● Your objective
An acceptable answer repeats exactly the line containing "This Vintage Denby" and all lines that follow it in the listing below, and it includes no pictures.

● Supplied data
# # # # # # #
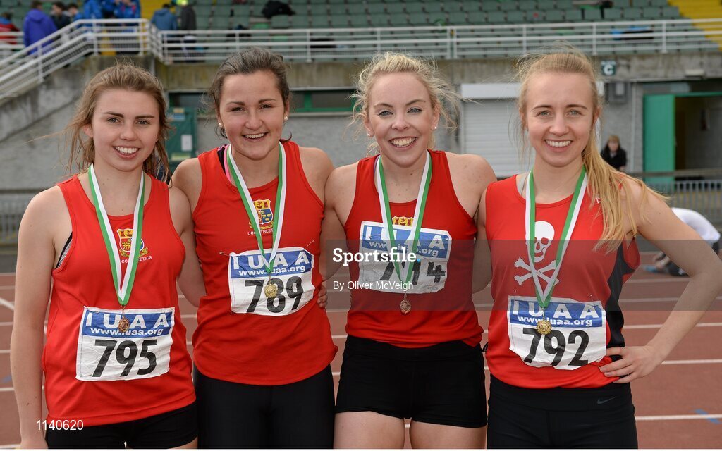 16 April 2016; The winning UCC team of the Womens 4*400M final, Louise Shanahan, Phil Healy, Christine Neville and Niamh Moore. Irish Universities Athletic Association Track & Field Championships 2016, Day 1. Morton Stadium, Santry, Co. Dublin. Picture credit: Oliver McVeigh / SPORTSFILE
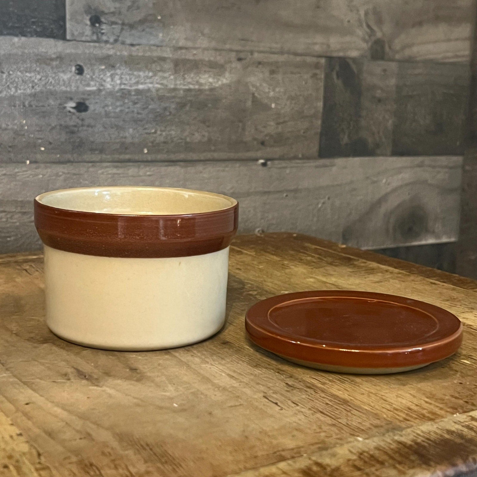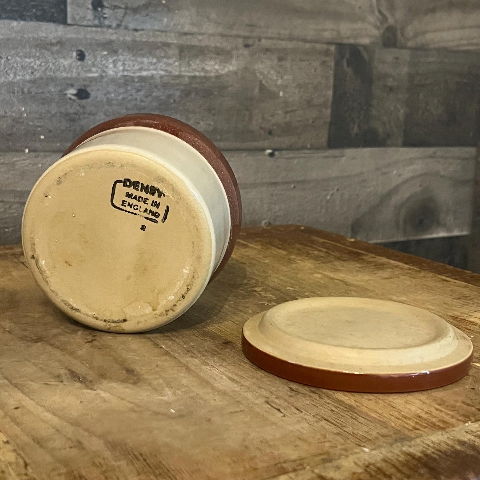 This Vintage Denby England Small Lidded Brown and Tan Stoneware Canister will look wonderful in your space! Makes a great salt pinch, jam pot, jewelry dish, key dish, soap dish - the list goes on! Measures about 3 inch tall x 4 inch wide
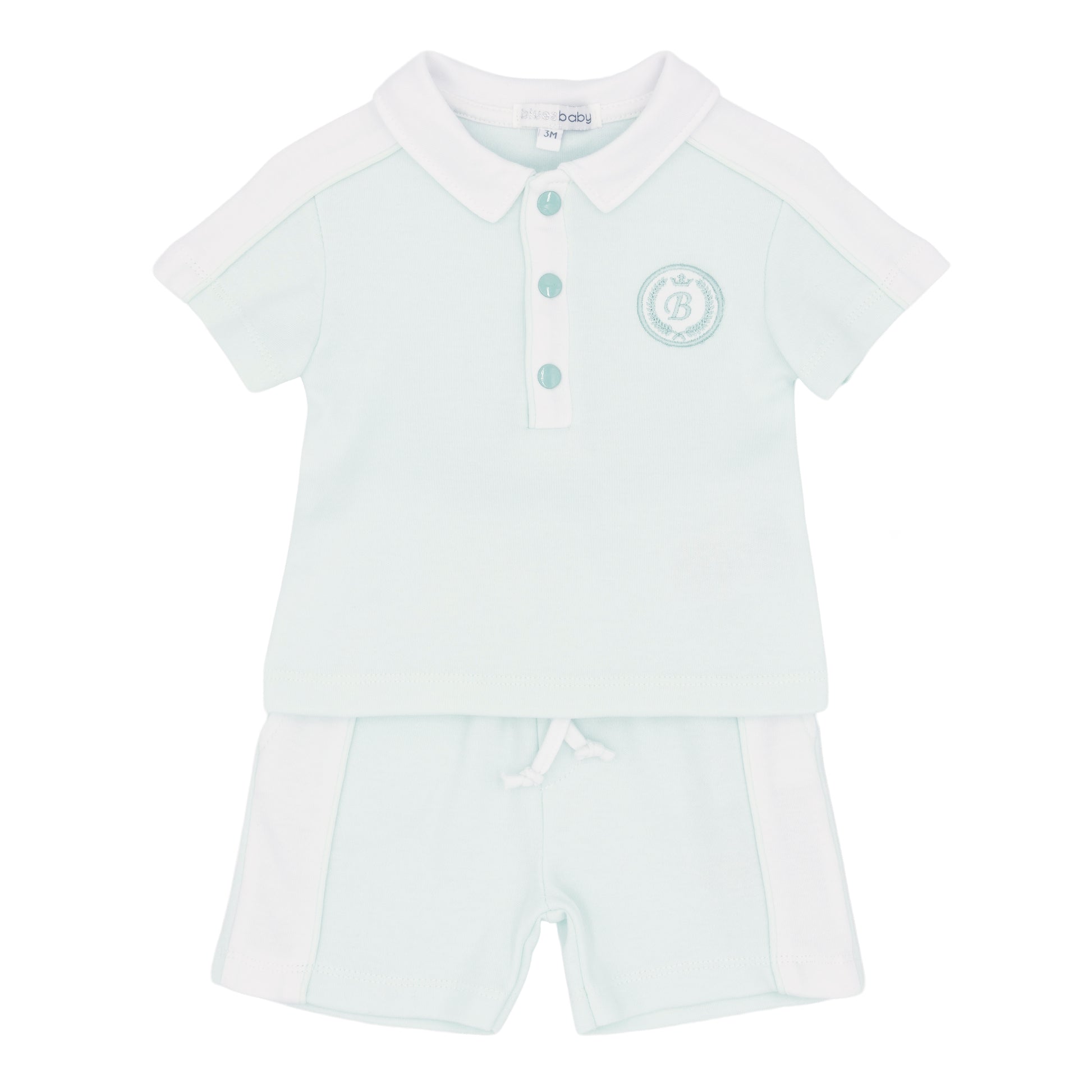 Blues Baby Boys Mint Green Sporty Jersey Polo Short Set
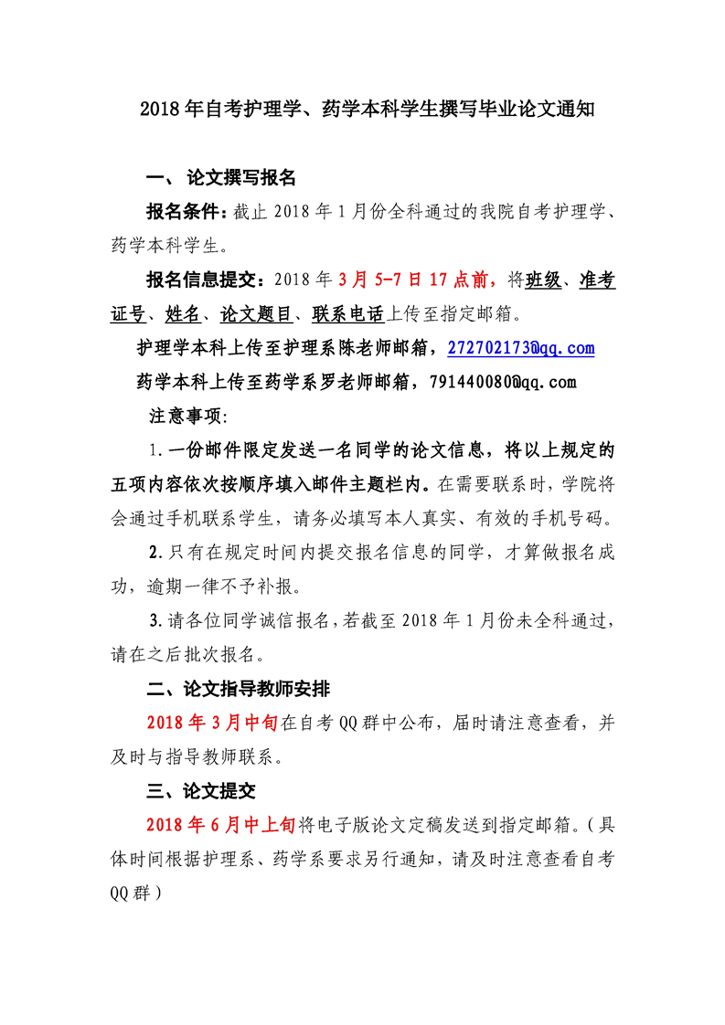 2018年护理学、药学本科撰写毕业论文通知
# # # # # # #
● Finished exercise
 This Vintage Denby England Small Lidded Brown and Tan Stoneware Canister will look wonderful in your space! Makes a great salt pinch, jam pot, jewelry dish, key dish, soap dish - the list goes on! Measures about 3 inch tall x 4 inch wide
 Blues Baby Boys Mint Green Sporty Jersey Polo Short Set
 2018年护理学、药学本科撰写毕业论文通知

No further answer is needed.